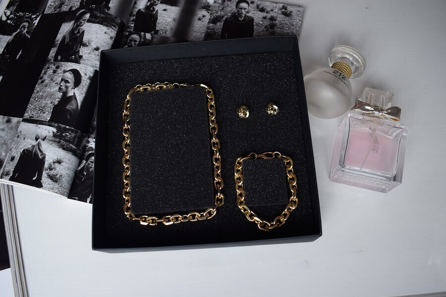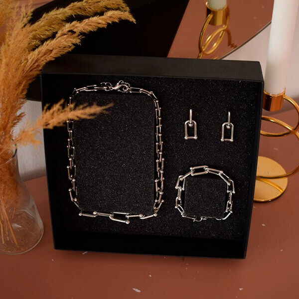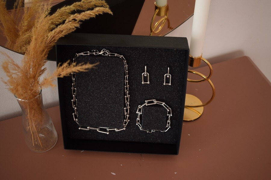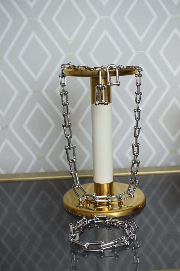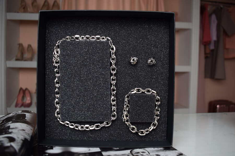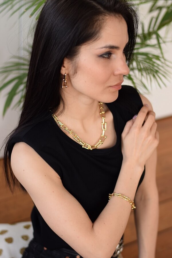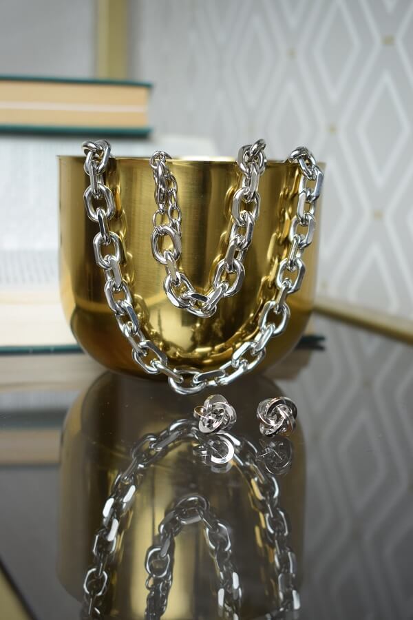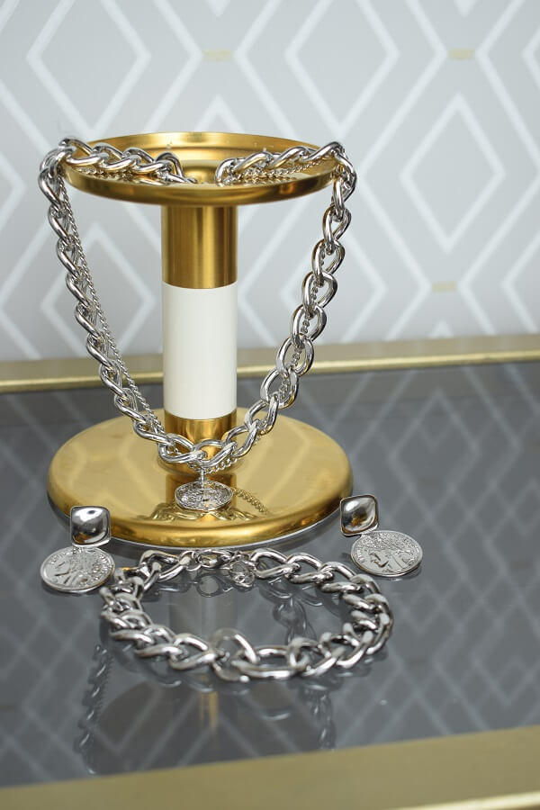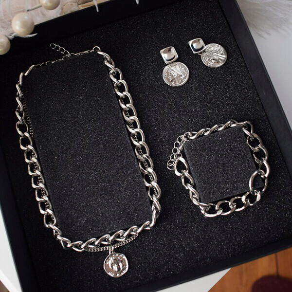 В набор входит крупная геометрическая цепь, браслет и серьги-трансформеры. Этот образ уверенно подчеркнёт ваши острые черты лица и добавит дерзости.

· · ·

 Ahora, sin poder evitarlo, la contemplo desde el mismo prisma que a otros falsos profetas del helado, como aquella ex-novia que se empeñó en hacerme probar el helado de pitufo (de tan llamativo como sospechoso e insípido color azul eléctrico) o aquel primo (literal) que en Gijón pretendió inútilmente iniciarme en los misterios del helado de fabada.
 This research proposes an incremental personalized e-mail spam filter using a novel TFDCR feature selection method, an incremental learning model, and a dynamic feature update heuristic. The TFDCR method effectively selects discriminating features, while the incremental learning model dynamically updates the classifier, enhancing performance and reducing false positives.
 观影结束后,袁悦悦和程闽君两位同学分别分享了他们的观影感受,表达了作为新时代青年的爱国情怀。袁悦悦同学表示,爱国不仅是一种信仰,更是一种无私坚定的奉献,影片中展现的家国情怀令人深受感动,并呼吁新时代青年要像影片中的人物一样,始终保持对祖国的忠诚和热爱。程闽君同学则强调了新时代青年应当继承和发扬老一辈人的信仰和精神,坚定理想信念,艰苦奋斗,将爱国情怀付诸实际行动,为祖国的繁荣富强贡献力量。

· · ·

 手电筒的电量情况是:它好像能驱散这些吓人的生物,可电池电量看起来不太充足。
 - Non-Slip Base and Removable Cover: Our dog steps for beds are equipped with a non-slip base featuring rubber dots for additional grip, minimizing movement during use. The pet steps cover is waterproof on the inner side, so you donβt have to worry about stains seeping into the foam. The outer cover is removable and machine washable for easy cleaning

· · ·

### What needs to be done
Copy out only the lines above from the one with "This research proposes" to the one with "观影结束后,袁悦悦和程闽君两", inclusive, exactly as they stand.

### Solution for this problem
 This research proposes an incremental personalized e-mail spam filter using a novel TFDCR feature selection method, an incremental learning model, and a dynamic feature update heuristic. The TFDCR method effectively selects discriminating features, while the incremental learning model dynamically updates the classifier, enhancing performance and reducing false positives.
 观影结束后,袁悦悦和程闽君两位同学分别分享了他们的观影感受,表达了作为新时代青年的爱国情怀。袁悦悦同学表示,爱国不仅是一种信仰,更是一种无私坚定的奉献,影片中展现的家国情怀令人深受感动,并呼吁新时代青年要像影片中的人物一样,始终保持对祖国的忠诚和热爱。程闽君同学则强调了新时代青年应当继承和发扬老一辈人的信仰和精神,坚定理想信念,艰苦奋斗,将爱国情怀付诸实际行动,为祖国的繁荣富强贡献力量。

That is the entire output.